BPP is the class of languages decided by a probabilistic PTM in polynomial time with two-sided error at most 1/3 (amplifiable to any ε > 0 via repetition). BPP trivially contains P. It is widely believed (but unproven) that BPP ⊆ NP and BPP ⊆ P with high probability, though NP ⊆ BPP would cause PH to collapse, suggesting BPP is 'small' relative to NP. BPP captures practical randomized algorithms where error probability is controllable and output distribution matters.
You already know that P captures problems solvable efficiently by deterministic machines, and that probabilistic Turing machines extend the deterministic model by allowing random coin flips during computation. BPP (Bounded-error Probabilistic Polynomial time) is the complexity class that asks: what can we solve efficiently if we allow randomness, provided we keep errors under control? Specifically, a language L is in BPP if there exists a probabilistic Turing machine that runs in polynomial time and, for every input, gives the correct answer with probability at least 2/3. The machine can err on both sides — it might say "yes" when the answer is "no," or "no" when the answer is "yes" — but each type of error occurs with probability at most 1/3.

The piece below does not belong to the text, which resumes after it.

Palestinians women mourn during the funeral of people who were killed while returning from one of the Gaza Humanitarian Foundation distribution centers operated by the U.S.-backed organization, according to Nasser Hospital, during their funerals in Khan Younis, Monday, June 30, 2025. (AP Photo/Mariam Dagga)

The choice of 1/3 as the error bound might seem arbitrary, and in a deep sense it is. The remarkable property of BPP is error amplification: by running the same algorithm multiple times and taking a majority vote, you can drive the error probability down exponentially. Run it 100 times and accept the majority answer, and your error probability drops to something astronomically small — far below the chance of a cosmic ray flipping a bit in your deterministic computer. This means the 1/3 threshold is not special; any constant strictly between 0 and 1/2 defines the same class. What matters is the gap between the success probability and 1/2.
Every problem in P is trivially in BPP — a deterministic algorithm is just a probabilistic one that never flips coins, so its error probability is zero. The deeper question is whether BPP is *strictly* larger than P. Most complexity theorists believe BPP = P, meaning randomness does not actually help for decision problems when you have enough time. Evidence for this belief comes from derandomization results: under plausible circuit complexity assumptions, every BPP algorithm can be simulated deterministically in polynomial time using pseudorandom generators. The celebrated proof that primality testing is in P (the AKS algorithm) is a concrete example — the randomized Miller-Rabin test was in BPP for decades before a deterministic polynomial algorithm was found.

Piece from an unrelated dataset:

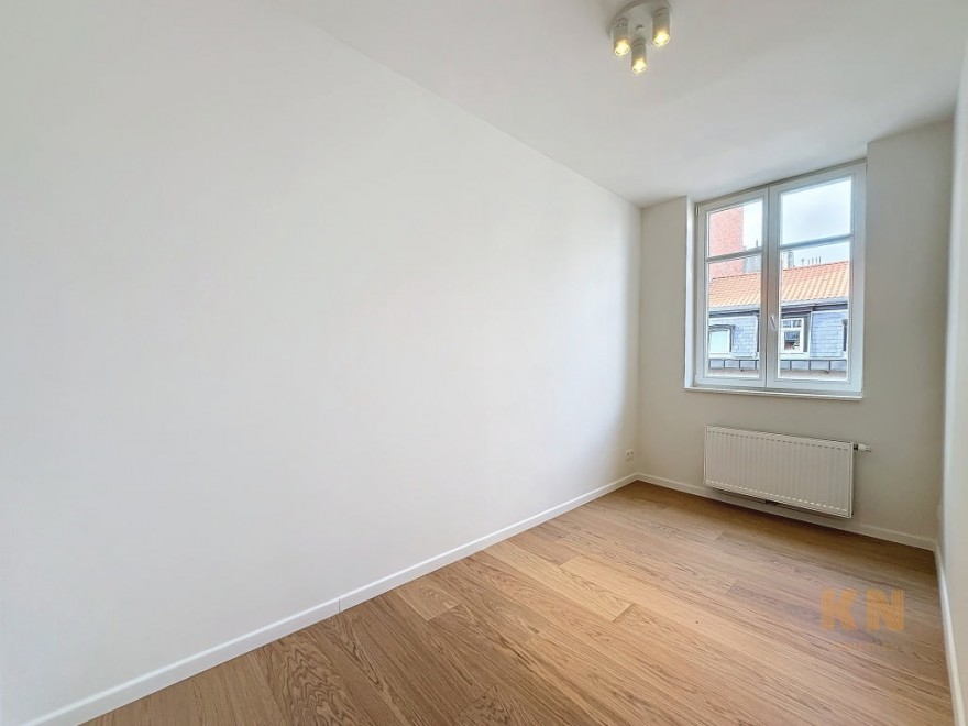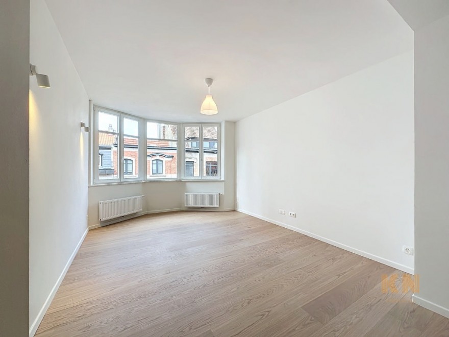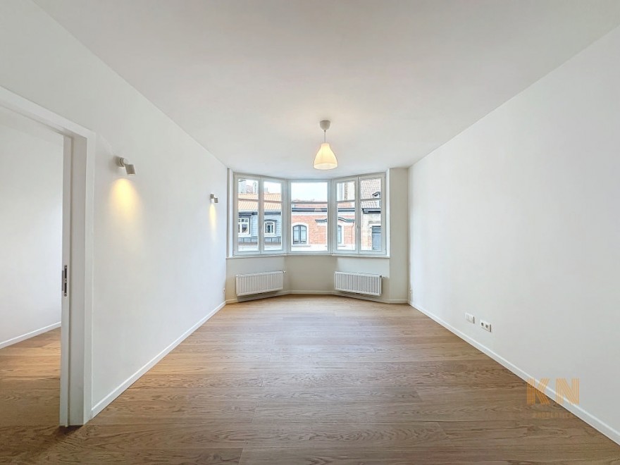 Superbe appartement, rénovation complète de l'immeuble 2024, il est situé au 2ème étage sur 2 et offre une surface habitable de +/- 70 m². Il dessert un bel espace séjour, un espace bureau ou seconde chambre de +/- 8 m², une cuisine super équipée. Le hall de nuit dessert une chambre à coucher de +/- 13.5 m² et une salle de bains. PEB G (avant rénovation, en attente nouveau PEB). Coup de coeur assuré !! info et contact www.knproperties.be - 0032 485 876 577

BPP's relationship to NP is subtle. BPP is not known to be contained in NP, nor is NP known to be contained in BPP. However, if NP ⊆ BPP, the polynomial hierarchy would collapse to its second level — a consequence considered unlikely. This suggests that BPP is "small" and does not contain the hard problems in NP. In practice, BPP captures the power of real-world randomized algorithms: problems like polynomial identity testing and certain approximation tasks where flipping coins yields efficient solutions with controllable, negligible error. The class formalizes the intuition that an algorithm you can trust 99.9999% of the time is, for all practical purposes, as good as a deterministic one.